The ~100 km long Húsavík Flatey Fault Zone (HFFZ) in North Iceland is the largest linear transform fault zone in Iceland composed of multiple fault segments that localise both strike-slip and normal movements, agreeing with a transtensional deformation pattern (Garcia and Dhont, 2005). With maximum seismogenic potential larger than Mw 7 and located primarily offshore, the HFFZ subjects several nearby coastal communities to potentially significant tsunami hazard from strong earthquake occurrence on the HFFZ. Namely, tsunami hazard assessment of submarine strike-slip fault systems in transtensional tectonic settings worldwide has received increased attention since the unexpected and devastating local tsunami in the Palu Bay following the 2018 Mw 7.5 Sulawesi earthquake in Indonesia.
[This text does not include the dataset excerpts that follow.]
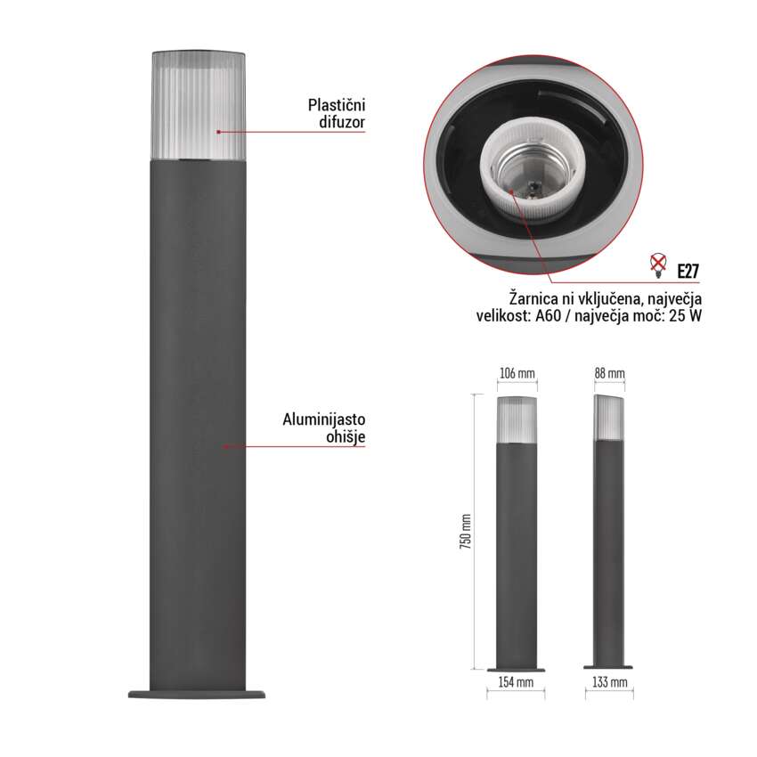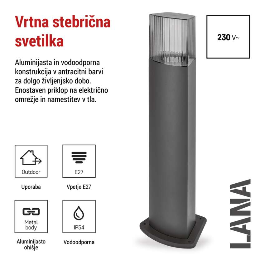 Vrtna stoječa svetilka LANA, 15,4 x 13,3 x 75 cm, 1 x E27, 25 W
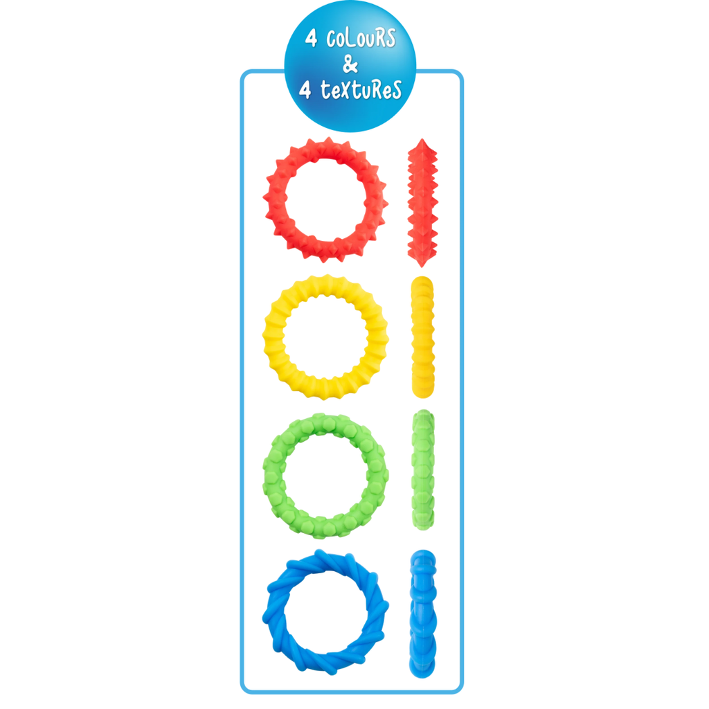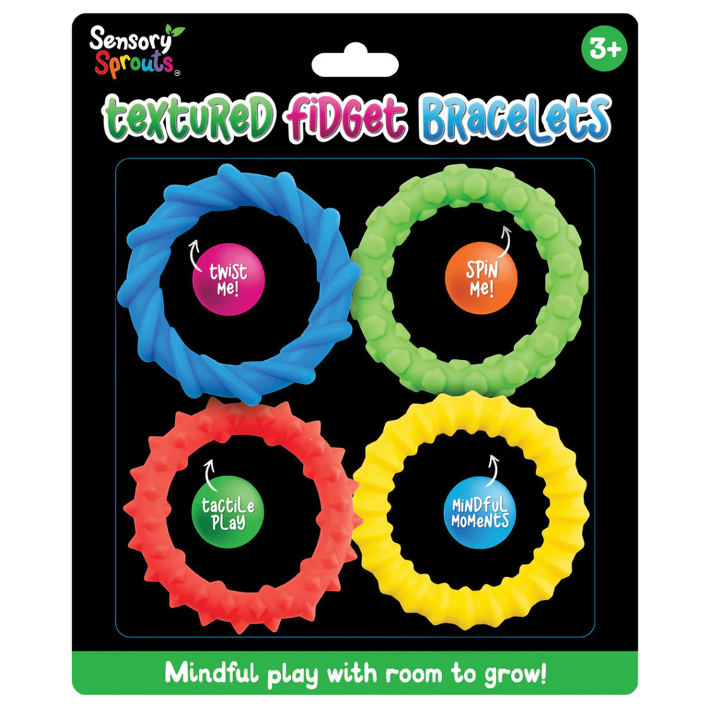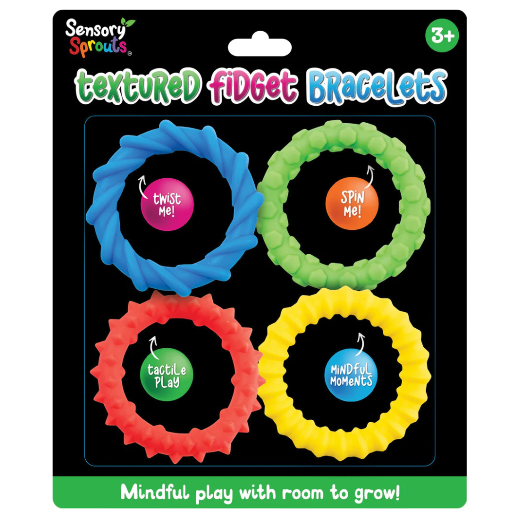 Each soft, flexible bracelet features a variety of raised textures to touch, squeeze, or rub, providing soothing sensory feedback that helps manage restlessness, anxiety, and sensory-seeking behaviours. Comfortable to wear and quiet in use, they’re ideal for group time, transitions, or independent learning without disrupting others.
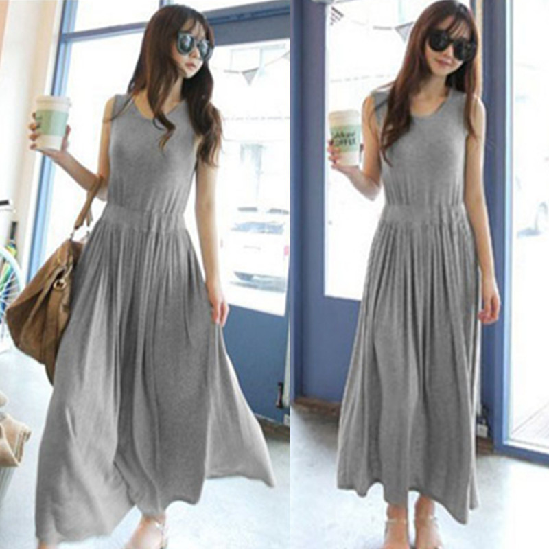秋夏季韩版女连衣裙莫代尔长裙打底裙显瘦高腰长款背心裙纯色大摆
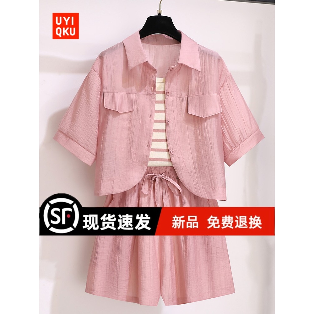 欧洲站冰丝条纹吊带薄款雪纺短袖衬衫套装女夏季大码遮肉显瘦短裤
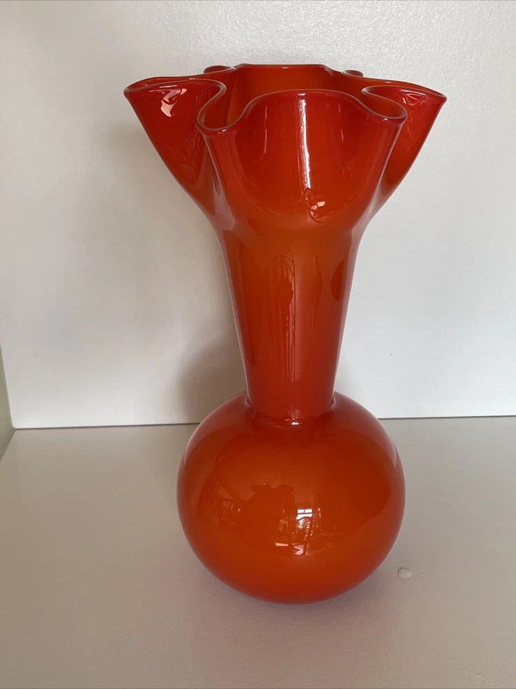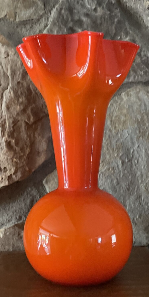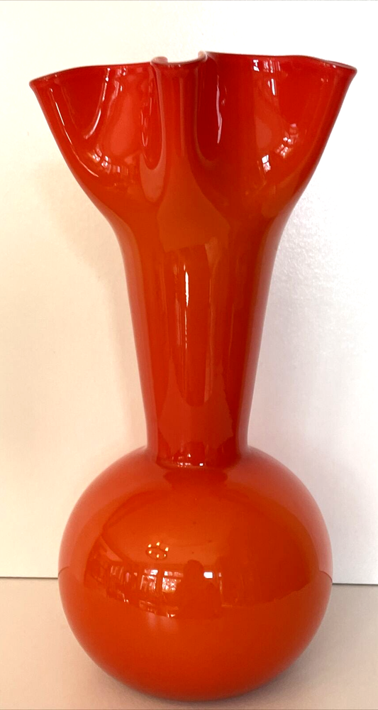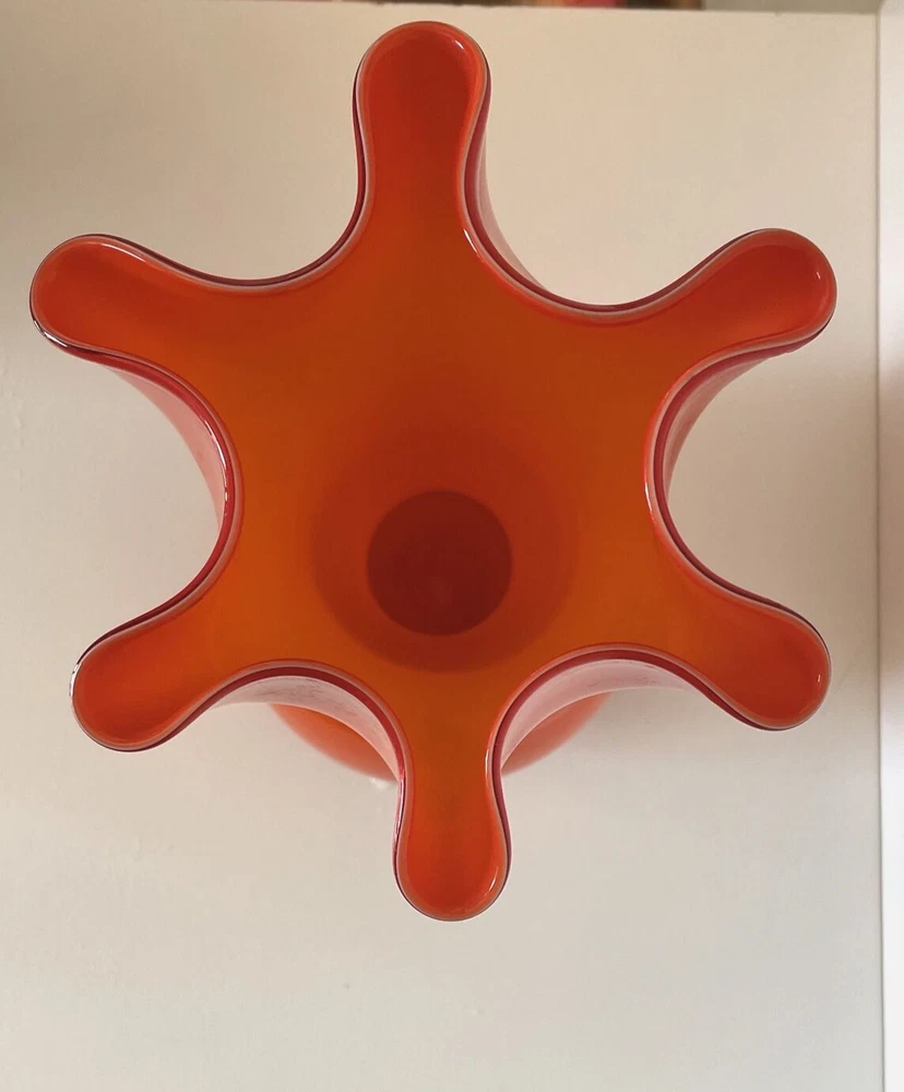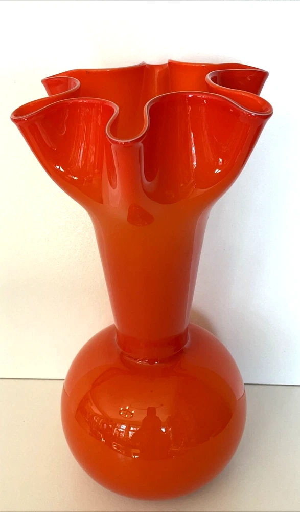MidCentury Ruffled Top Orange Clear White Crested 12" Art Glass Vase Your flowers are asking for this beautiful vase! This vase is a unique one of a kind piece of art glass MCM This is what you need to bring some joy into to your home - a bright happy vase. Vintage Art Glass Vase. The vase is made of fine blown glass. This vase is a bright orange in different hues.
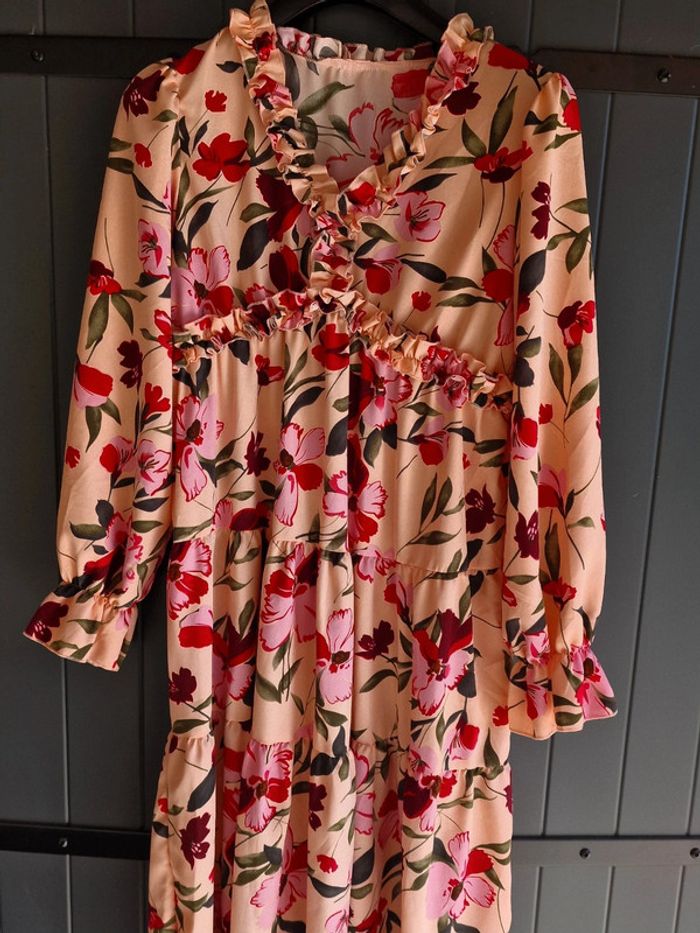 Robe longue couleur saumon motif floral
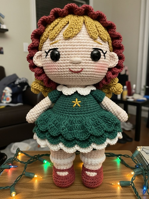 Christmas Doll Amigurumi Pattern with Bonnet and Layered Dress
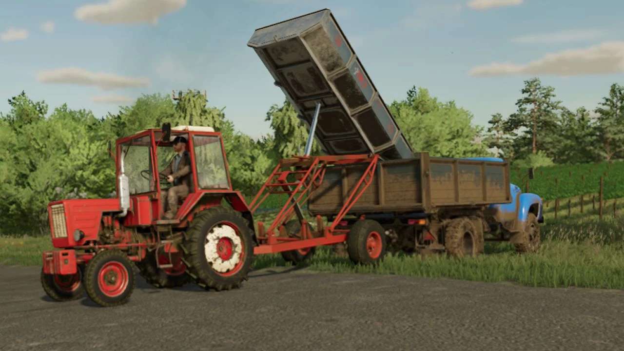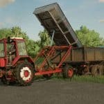 It is a springless trailer with a metal body, equipped with a hydraulic system. The base of the trolley is the vegetable universal platform POU-2.
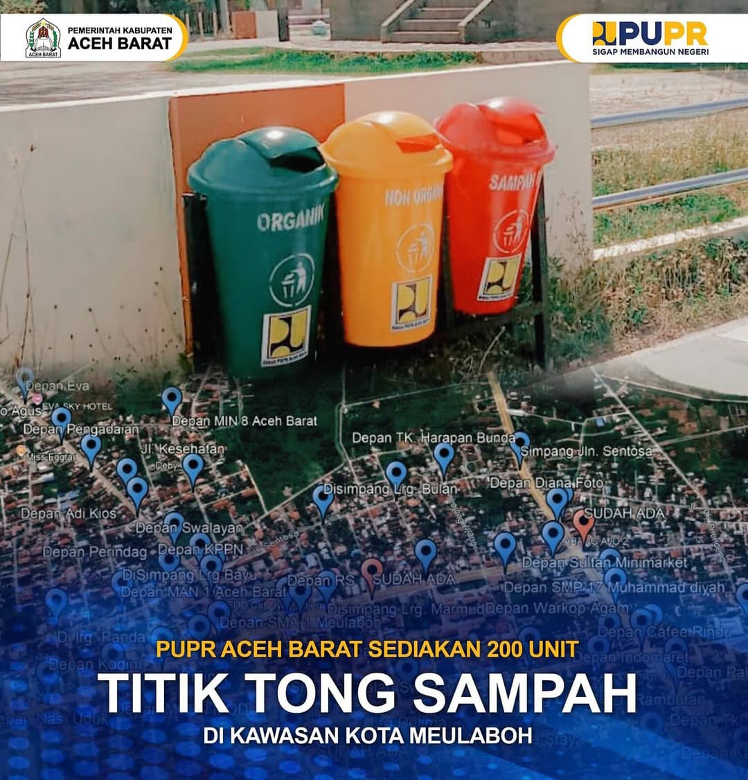 Melalui Dinas Pekerjaan Umum dan Penataan Ruang (PUPR) Aceh Barat menempatkan 200 unit tong sampah terpilah baru di berbagai penjuru kota.
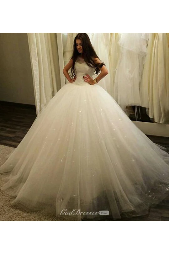 Stunning Sleeveless Tulle Princess Wedding Dress Sequins Ball Gown
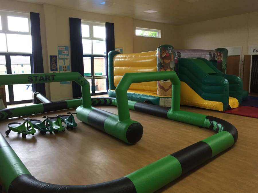 INSIDE HIRES -Indoor bouncy castles do come with sand bag weights for extra safety.
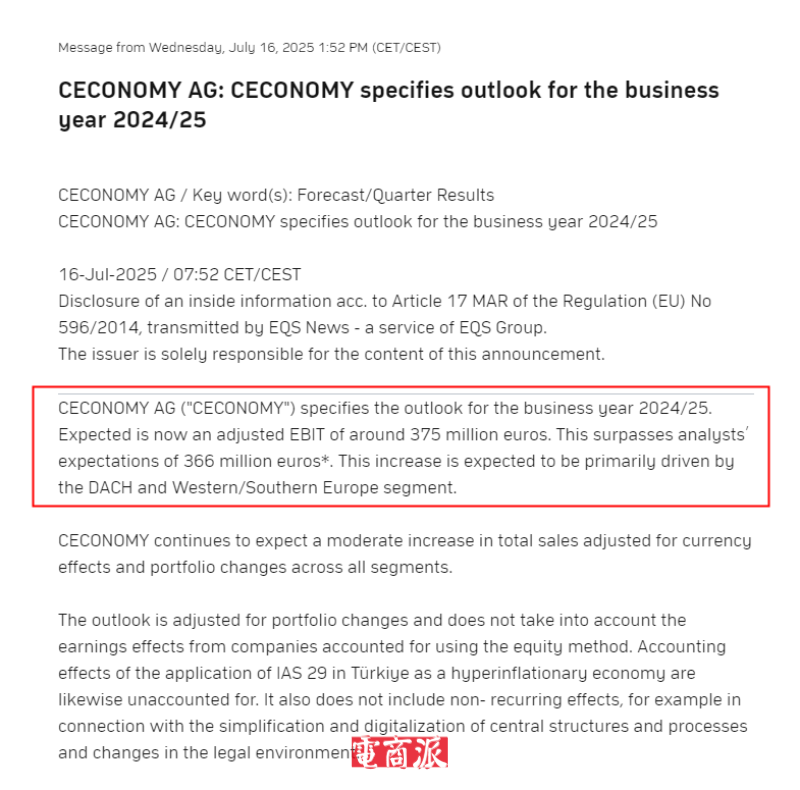 而就在京東出手的不久前,Ceconomy還曾公布2024/25財年業績展望,預計經調整息稅前利潤將達3.75億歐元,折合約30.89億人民幣。
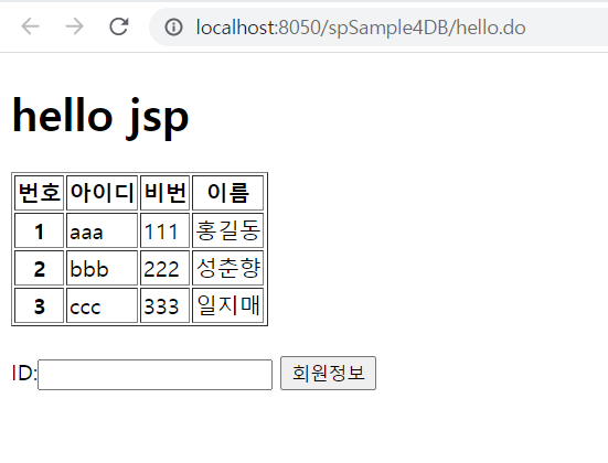<th>번호</th><th>아이디</th><th>비번</th><th>이름</th>
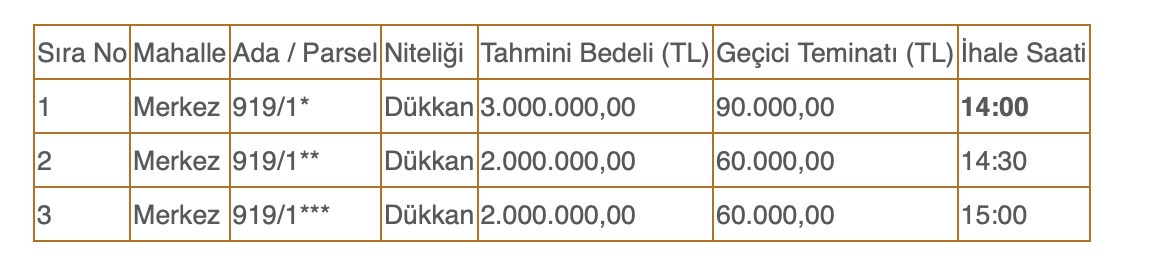 Merkez Mahallesi’nde yer alan dükkanların muhammen bedelleri 2 milyon TL ve 3 milyon TL olarak açıklanırken, geçici teminat bedelleri ise 60 bin TL ve 90 bin TL olarak açıklandı.
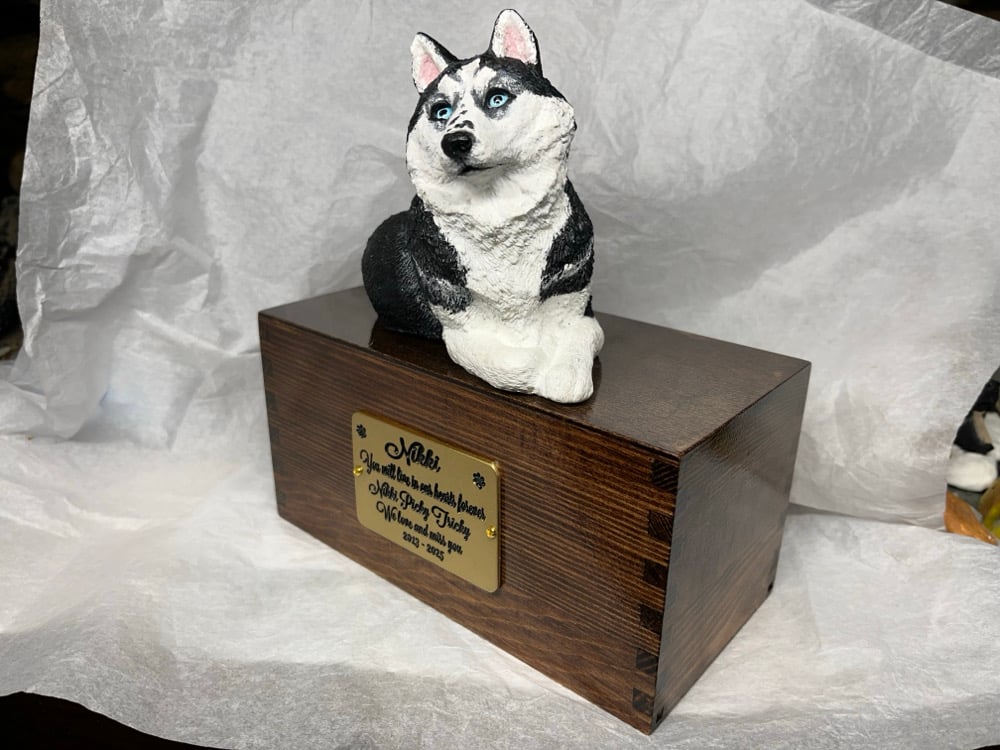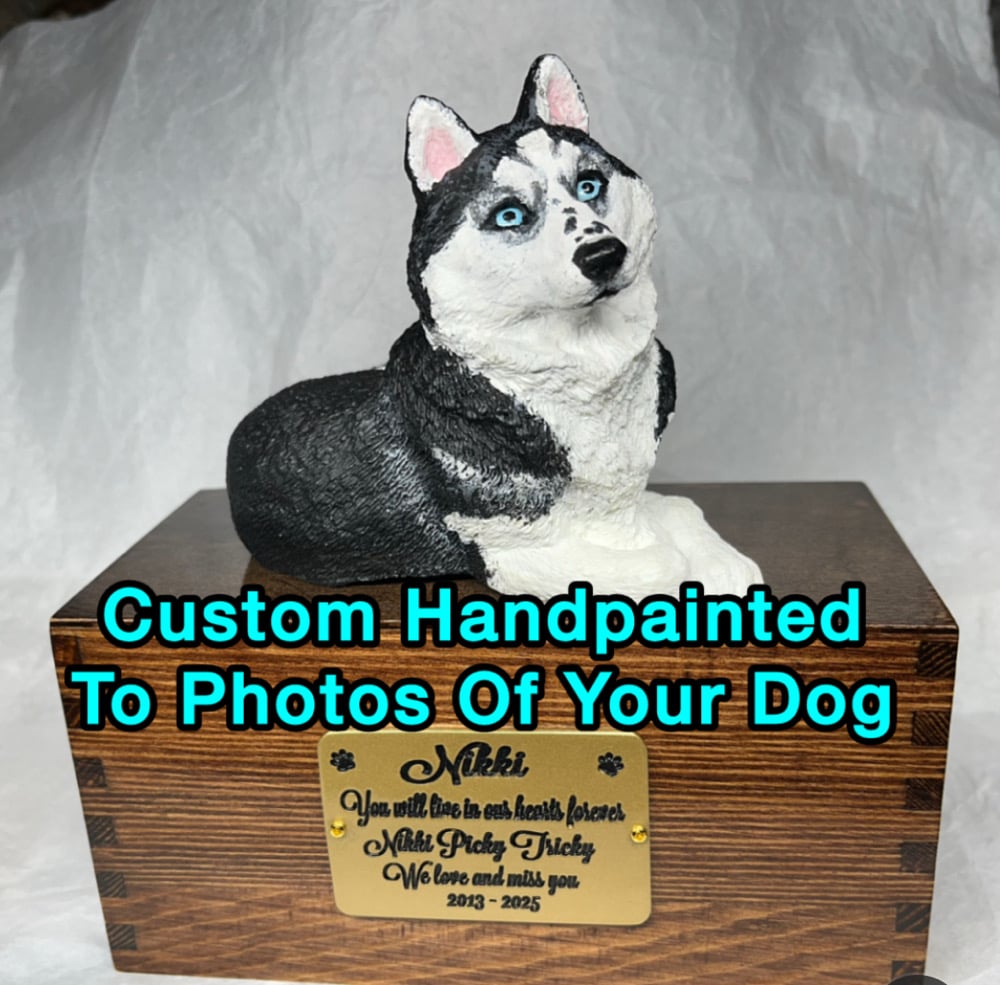 Custom Engraved Handpainted Siberian Husky Urn For Ashes Pet Portrait To Your Photos
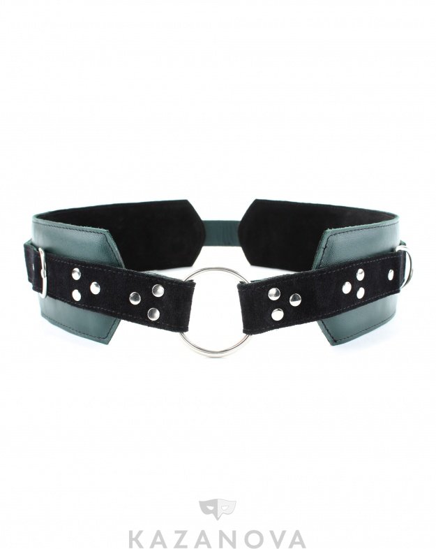 Пояс изготовлен из натуральной кожи изумрудного цвета и декорирован металлическими кольцами и заклепками.

Our goal is to carry out a physics-based assessment of the tsunami potential of the HFFZ using both a one-way linked dynamic earthquake rupture and shallow water equations tsunami workflow (Madden et al., 2021) as well as a fully-coupled elastic-acoustic earthquake-tsunami simulation (Krenz et al., SC 2021). We start by simulating physics-based dynamic rupture models with varying hypocenter locations with SeisSol (https://github.com/SeisSol/SeisSol), a scientific open-source software for 3D dynamic earthquake rupture simulation (www.seissol.org). SeisSol, a flagship code of the ChEESE project (https://cheese-coe.eu) and part of the project TEAR (https://www.tear-erc.eu), enables us to explore newly inferred simple and complex fault geometries that have been compiled and proposed in the ChEESE project by using unstructured tetrahedral meshes. The linked workflow uses the time-dependent seafloor displacement output from SeisSol to initialise bathymetry perturbations within sam(oa)²-flash. The dynamically adaptive, parallel software sam(oa)²-flash (https://gitlab.lrz.de/samoa/samoa) solves the hydrostatic shallow water equations (Meister, 2016). Here we consider the contribution of the horizontal ground deformation of realistic bathymetry to the vertical displacement following Tanioka and Satake (1996). Our second approach is based on the recent development of SeisSol which allows us to include a water layer in the earthquake-tsunami simulation to account for fully-coupled 3D elastic, acoustic and tsunami wave generation and propagation simultaneously.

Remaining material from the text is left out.